The desire to show gratitude is so ingrained in Jewish tradition that if a Jew lacks this trait, the Talmud says it’s quite possible that that person might not even be Jewish. Of course, the fact that for the past few thousand years most Jews have observed a weekly Thanksgiving ritual, also known as Shabbat, has certainly helped nurture this grateful impulse.

In today’s world, however, there is an enemy of gratitude that lurks all around us, and which our ancestors did not have to brave in the shtetls of Poland and Morocco. That enemy is advertising — around-the-clock commercial assaults that tell us never to be satisfied with what we have. There’s always a better toothpaste, a better car, a better pair of jeans, a better coffee — a better anything — waiting for us, if only we will discard the one we already have.

This points to a dilemma: Gratitude is about being satisfied with the gifts before us, while personal growth is very much about not being satisfied with where we’re at and always reaching higher. Why not seek out better jeans or cars if they will bring us more pleasure? Why not seek constantly to grow our business or careers or organizations if doing so keeps us alive and motivated?

When I started my advertising career, I drove an old Renault that had a hole in the floor and a permanent rope to hold one of the doors closed. Thank God I wasn’t very satisfied with that deathtrap — I was a lot more motivated to work harder so I could afford something better, than I was grateful to drive something that killed my dating life.

Was I not grateful for what I had? Or was I pursuing another Jewish ideal of always trying to make things better? Should we expect the angry protesters at Occupy Wall Street, for example, to be grateful for their lives’ little blessings and fold their protests, or should they continue to fight for what they think they are entitled to?

Someone once asked the Lubavitcher Rebbe if he was happy, to which he answered: “Always happy, never satisfied.”

Yes, but how do we reconcile these two Jewish ideals — the ideal of always being happy with what we have with the ideal of “never being satisfied”?

One way is to look at gratitude itself as a way of improving your life.
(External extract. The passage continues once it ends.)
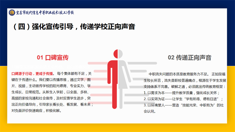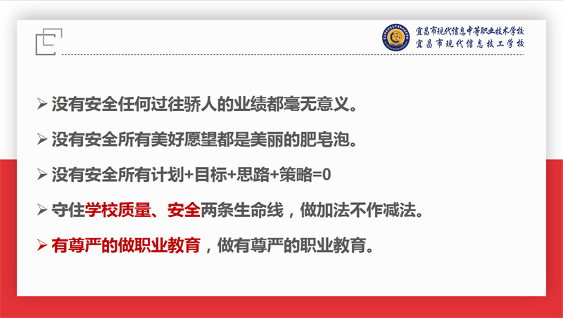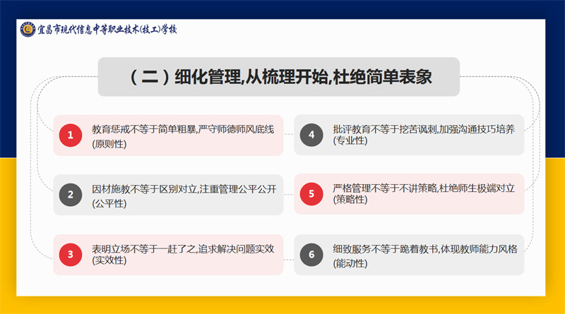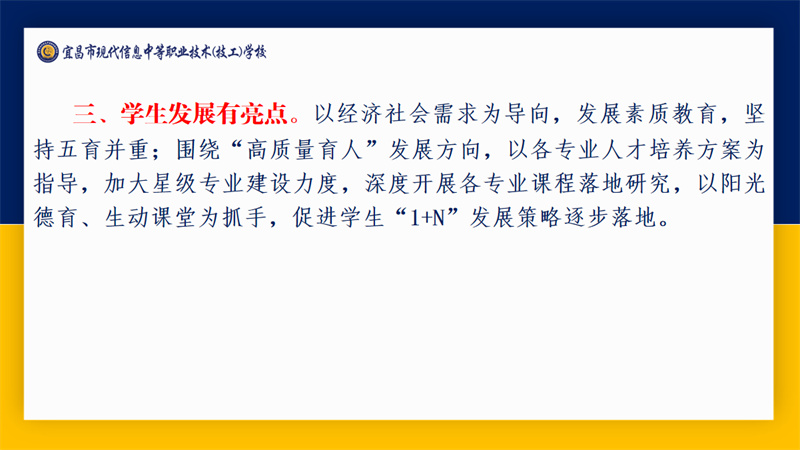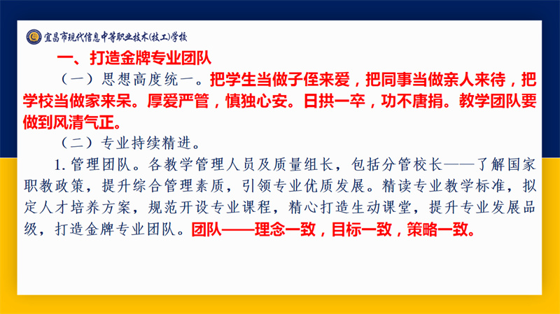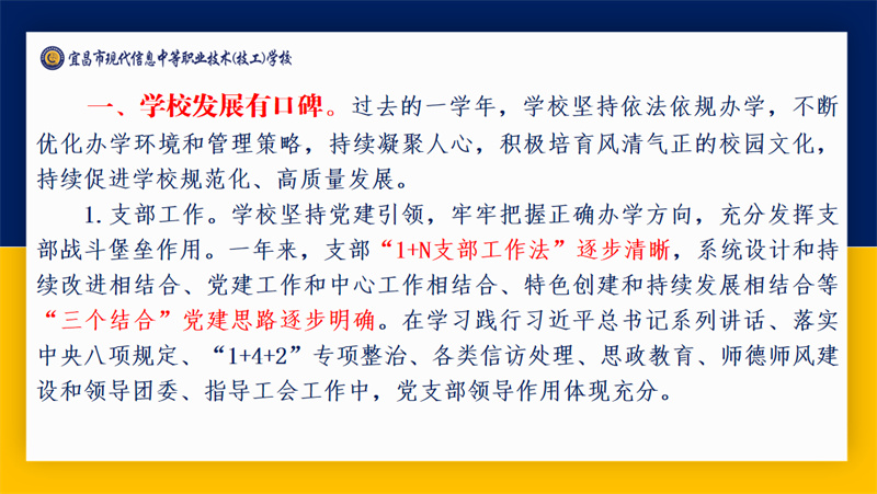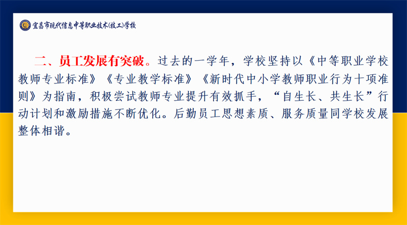 宜昌市职业技术教育研究室主任周欣带来以“教育强国建设背景下宜昌中职教育高质量发展的实践探索”为主题的专题讲座。他围绕“教育强国,职教何为”“职业教育的特点和规律”“宜昌职业教育发展举措”“宜昌市中职教育教学工作”“现代信息学校教学工作情况”“关于现代信息学校相关建议”六个维度进行详细讲解。本次讲座不仅为教职工提供了深入了解职业教育政策和职业教育发展的专业窗口,更为全体现代人办好职业教育凝聚了共识、增强了信心、坚定了决心。

Robert Emmons, a psychology professor at UC Davis, believes we can all learn how to do it better: “Gratitude is a sustainable approach to life that can be freely chosen for oneself. It is choosing to focus on blessings rather than burdens, gifts rather than curses, and people report that it transforms their lives.”

Another approach is to live with both ideas simultaneously: “Things can be worse” and “Things can be better.” One makes you feel better about your lot; the other motivates you to improve it. They’re like two children: Why pick between them? Say thank you a hundred times a day, and, in between, work hard to make things better.

Maybe that’s the ultimate Jewish ideal: to be able to hold competing ideals in tension and not settle for one or the other. To be grateful, yet never satisfied. To be humble, yet bold enough to do big things. To be open to new ideas, yet know one’s boundaries. To be compassionate, yet firm. To be loving, yet speak hard truths. To be a giver, yet know how to receive. To embrace pleasure, yet seek meaning.

That’s what I plan to be thankful for this Thanksgiving: being born into a tradition that understands life is full of competing ideals and difficult choices, and one that also gives us the wisdom to help us pull off that daily balancing act.

Happy Thanksgiving — and Shabbat shalom.